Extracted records
=== Section Start ===

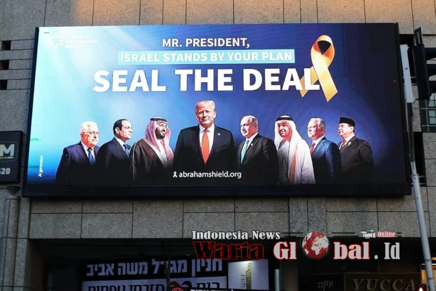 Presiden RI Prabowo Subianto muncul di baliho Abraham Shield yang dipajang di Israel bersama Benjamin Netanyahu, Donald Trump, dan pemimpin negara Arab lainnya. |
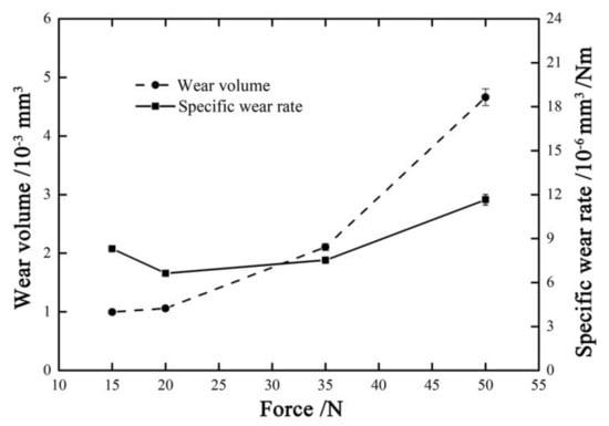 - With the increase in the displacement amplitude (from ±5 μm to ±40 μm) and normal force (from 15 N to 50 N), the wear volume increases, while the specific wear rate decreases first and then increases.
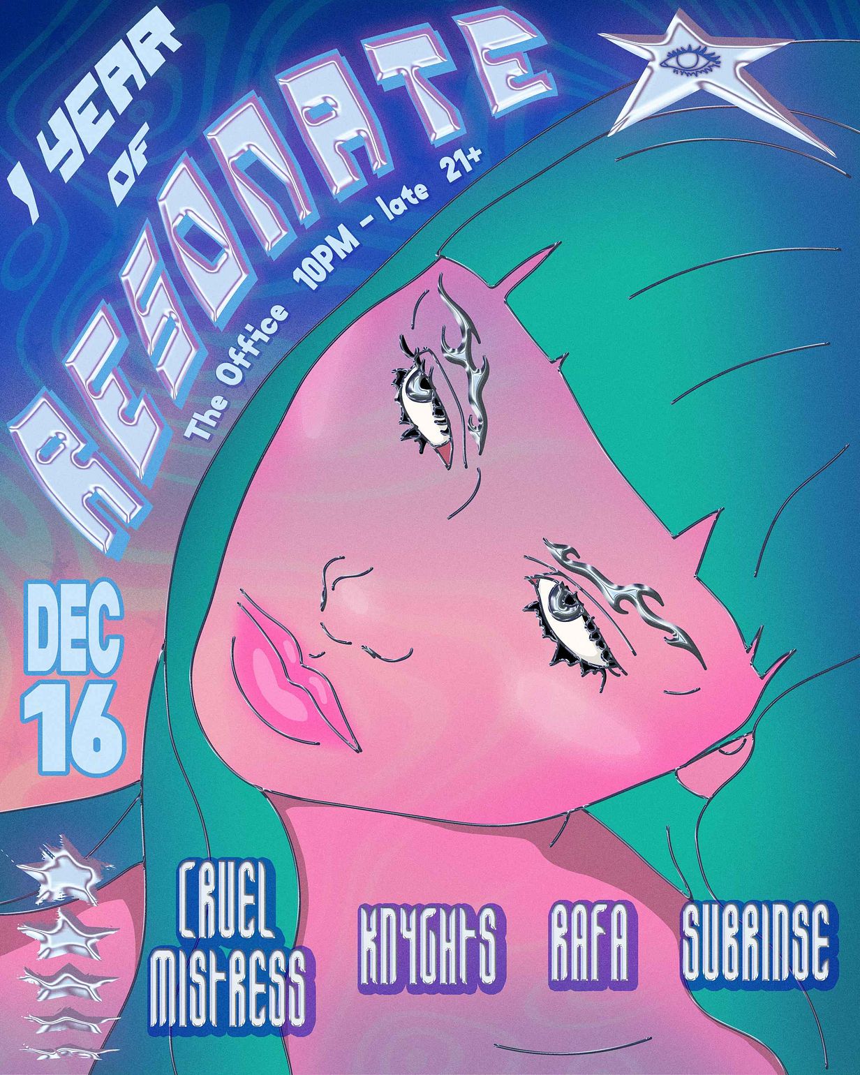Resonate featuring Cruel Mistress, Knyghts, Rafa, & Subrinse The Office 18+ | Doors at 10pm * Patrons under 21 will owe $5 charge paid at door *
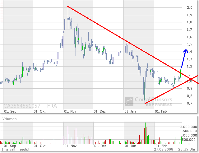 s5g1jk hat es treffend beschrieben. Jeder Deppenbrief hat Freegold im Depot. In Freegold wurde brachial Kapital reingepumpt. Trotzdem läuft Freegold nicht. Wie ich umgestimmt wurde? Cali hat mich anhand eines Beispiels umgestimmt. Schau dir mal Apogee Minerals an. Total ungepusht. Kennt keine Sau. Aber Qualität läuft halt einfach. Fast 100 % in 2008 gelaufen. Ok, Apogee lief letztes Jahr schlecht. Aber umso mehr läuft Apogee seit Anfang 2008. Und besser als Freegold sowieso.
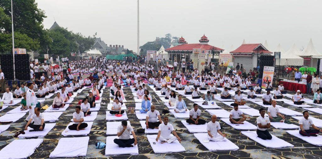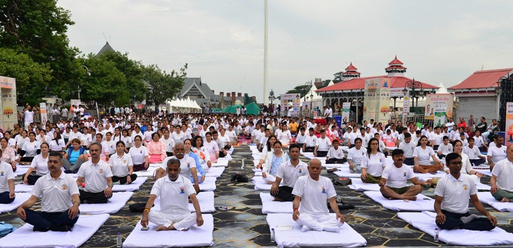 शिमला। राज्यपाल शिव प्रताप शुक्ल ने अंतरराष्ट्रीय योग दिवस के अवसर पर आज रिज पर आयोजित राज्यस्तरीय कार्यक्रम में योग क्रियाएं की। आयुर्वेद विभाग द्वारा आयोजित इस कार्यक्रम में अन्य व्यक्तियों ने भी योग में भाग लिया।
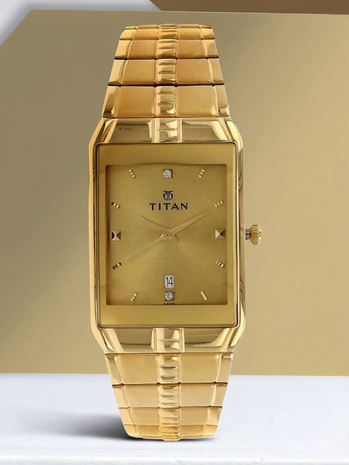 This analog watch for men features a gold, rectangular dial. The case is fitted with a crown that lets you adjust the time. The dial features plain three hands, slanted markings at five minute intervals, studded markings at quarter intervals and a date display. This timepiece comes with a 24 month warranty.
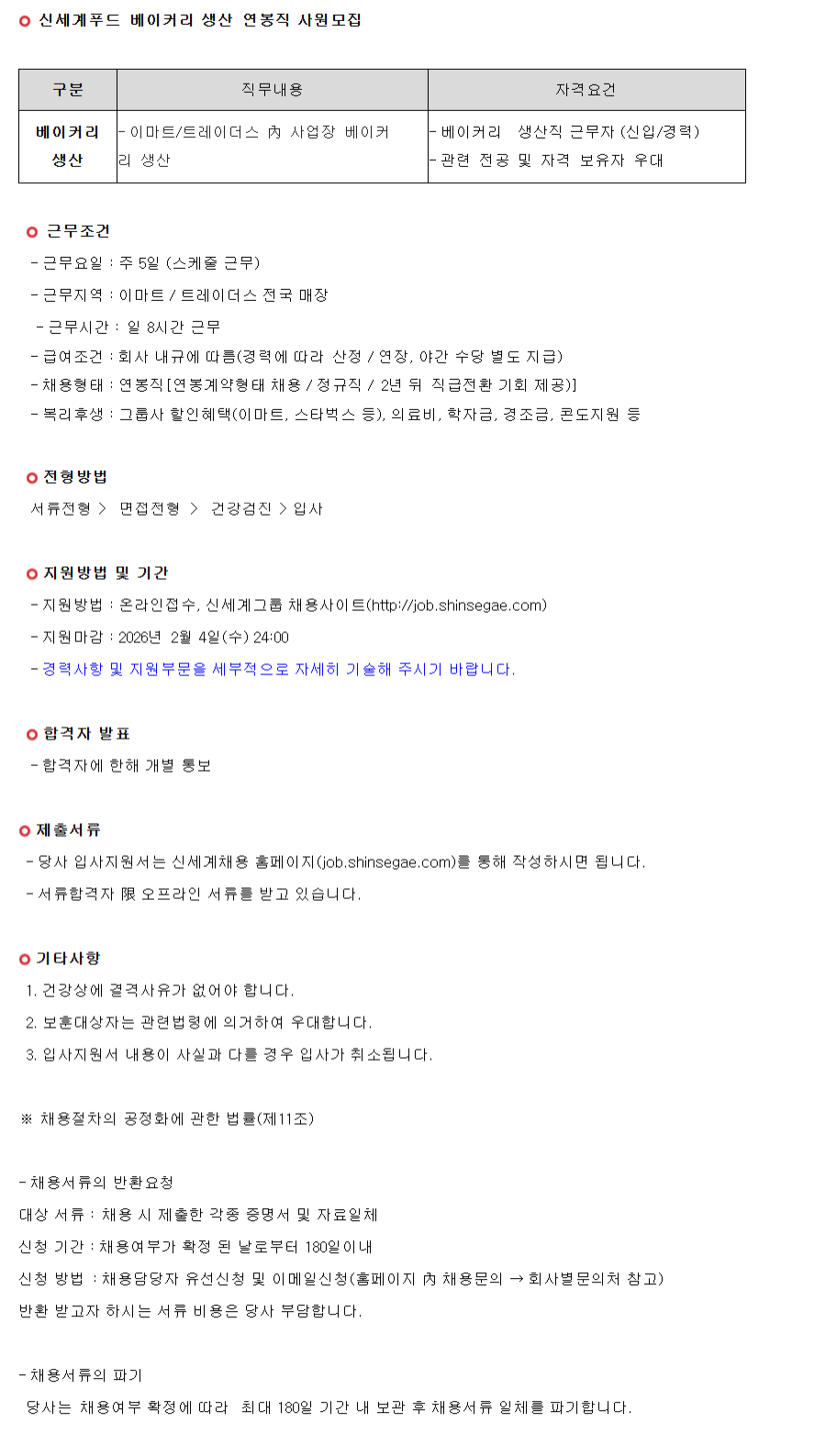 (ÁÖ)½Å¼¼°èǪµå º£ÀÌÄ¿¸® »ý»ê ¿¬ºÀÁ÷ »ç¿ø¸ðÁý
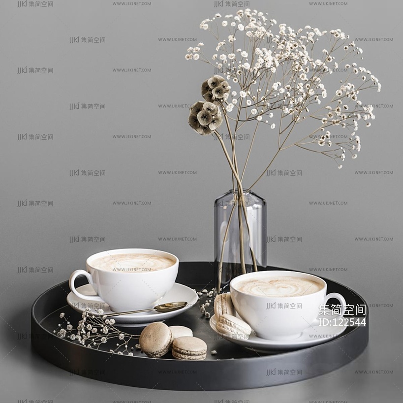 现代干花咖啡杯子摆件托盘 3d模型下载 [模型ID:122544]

=== Section End ===
=== Section Start ===

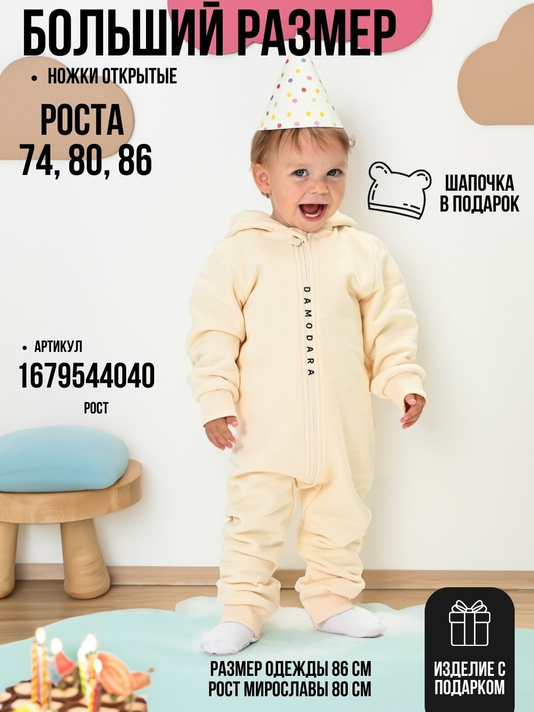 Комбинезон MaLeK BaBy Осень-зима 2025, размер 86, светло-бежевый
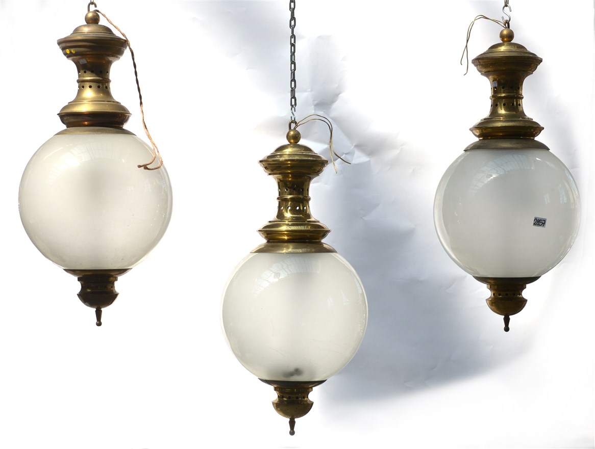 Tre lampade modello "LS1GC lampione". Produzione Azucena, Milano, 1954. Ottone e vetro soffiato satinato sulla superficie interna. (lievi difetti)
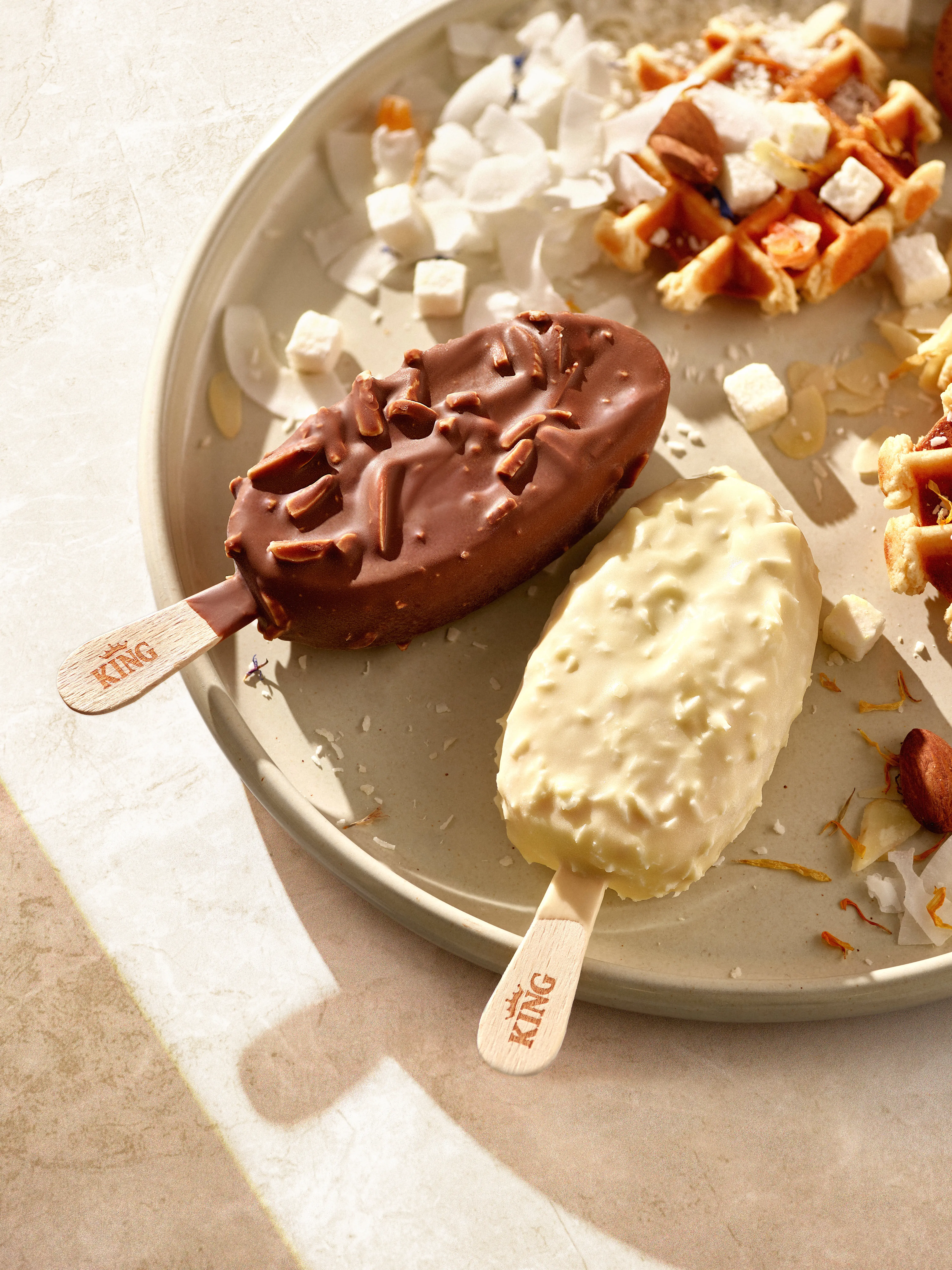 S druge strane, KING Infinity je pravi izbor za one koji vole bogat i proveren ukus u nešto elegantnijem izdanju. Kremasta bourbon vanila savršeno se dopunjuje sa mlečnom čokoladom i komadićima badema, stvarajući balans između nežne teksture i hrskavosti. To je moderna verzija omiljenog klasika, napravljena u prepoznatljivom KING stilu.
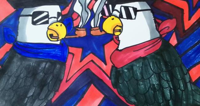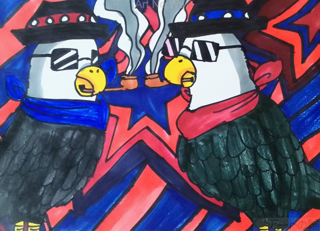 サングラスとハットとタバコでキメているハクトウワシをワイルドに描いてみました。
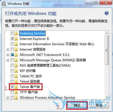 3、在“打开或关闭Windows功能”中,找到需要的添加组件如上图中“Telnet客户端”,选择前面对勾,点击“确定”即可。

=== Section End ===

§ About this exercise
Return only the stretch above from the line containing "Presiden RI Prabowo" through the line containing "s5g1jk hat es", word for word and without pictures.

§ Final answer
 Presiden RI Prabowo Subianto muncul di baliho Abraham Shield yang dipajang di Israel bersama Benjamin Netanyahu, Donald Trump, dan pemimpin negara Arab lainnya. |
 - With the increase in the displacement amplitude (from ±5 μm to ±40 μm) and normal force (from 15 N to 50 N), the wear volume increases, while the specific wear rate decreases first and then increases.
Resonate featuring Cruel Mistress, Knyghts, Rafa, & Subrinse The Office 18+ | Doors at 10pm * Patrons under 21 will owe $5 charge paid at door *
 s5g1jk hat es treffend beschrieben. Jeder Deppenbrief hat Freegold im Depot. In Freegold wurde brachial Kapital reingepumpt. Trotzdem läuft Freegold nicht. Wie ich umgestimmt wurde? Cali hat mich anhand eines Beispiels umgestimmt. Schau dir mal Apogee Minerals an. Total ungepusht. Kennt keine Sau. Aber Qualität läuft halt einfach. Fast 100 % in 2008 gelaufen. Ok, Apogee lief letztes Jahr schlecht. Aber umso mehr läuft Apogee seit Anfang 2008. Und besser als Freegold sowieso.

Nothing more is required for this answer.